Otters in Alaska Are Attacking Humans and Dogs, and No One Knows Why
"They travel over a wide area, and apparently there are no exclusive territories," Fish and Game said. "Fighting among otters is extremely rare, although they are wary of strange individuals."
The Alaska Department of Fish and Game says river otters have attacked people and pets in some of Anchorage’s most popular outdoor areas.
In early September, a 9-year-old boy was rushed to the hospital and treated for rabies after being bitten by a river otter, the Anchorage Daily News reported.
The child was not the only person this month who was attacked.
"This week, another woman was bitten while rescuing her dog from a similar group of river otters at University Lake," Fish and Game said in a written statement.

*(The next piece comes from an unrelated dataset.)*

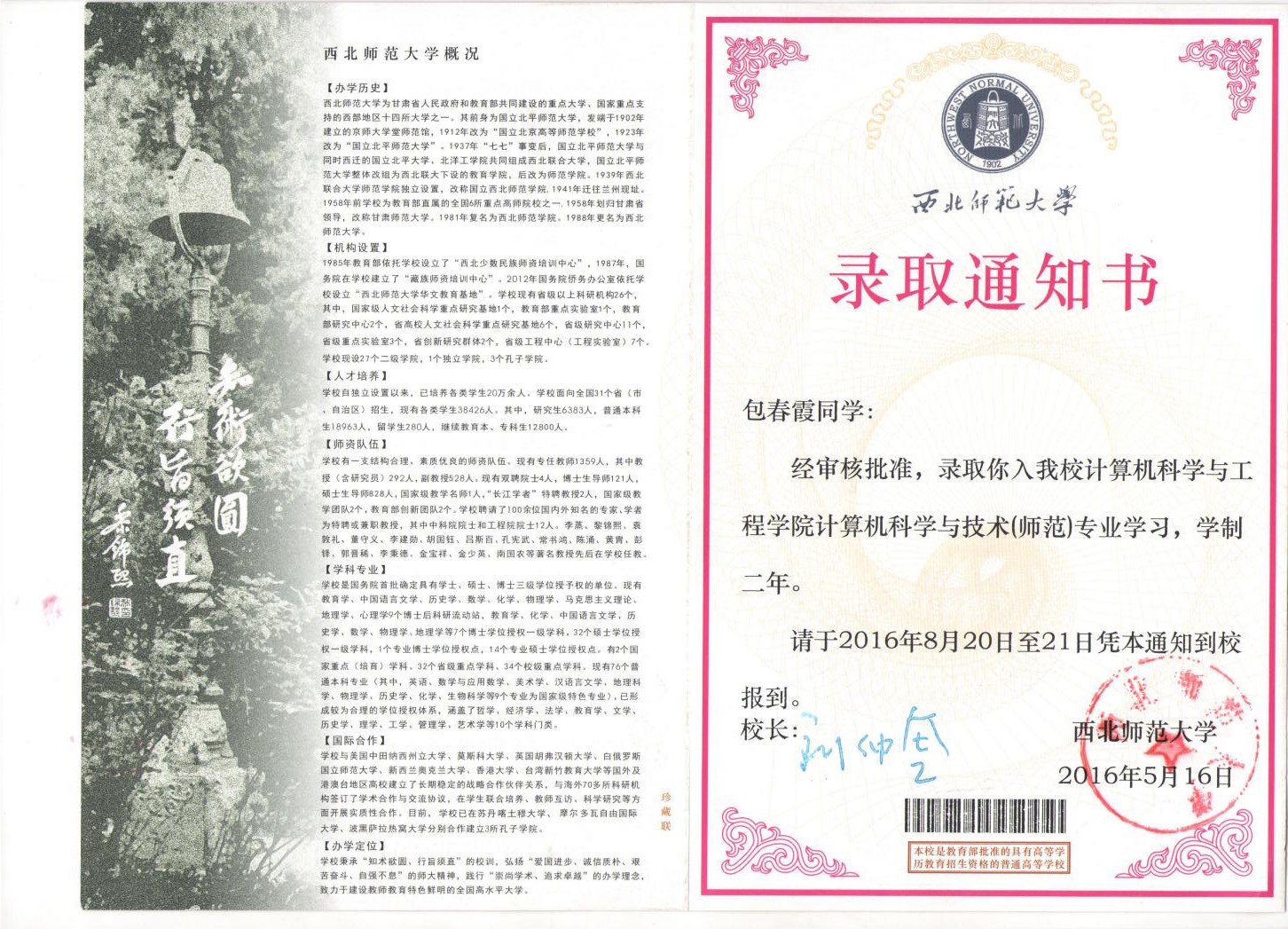 近日傳來喜訊,我系13級計(jì)算機(jī)應(yīng)用大專班包春霞同學(xué)在2016年甘肅省專升本考試中,被西北師范大學(xué)計(jì)算機(jī)科學(xué)與工程學(xué)院錄取。

The attacks are not limited to people, as CBS reported a dog was bitten at a different area of University Lake, which is a popular dog-walking trail.
It remains unclear if the attacks are from the same group of otters.
While river otter attacks have happened in recent years, they are not common, according to Alaska Department of Fish and Game. Due to this, officials are wondering why it has happened so frequently recently.
“Because of the risk to public safety, efforts will be made to locate this group of river otters and remove them,” Fish and Game said. “Care will be taken to only remove the animals exhibiting these unusual behaviors.”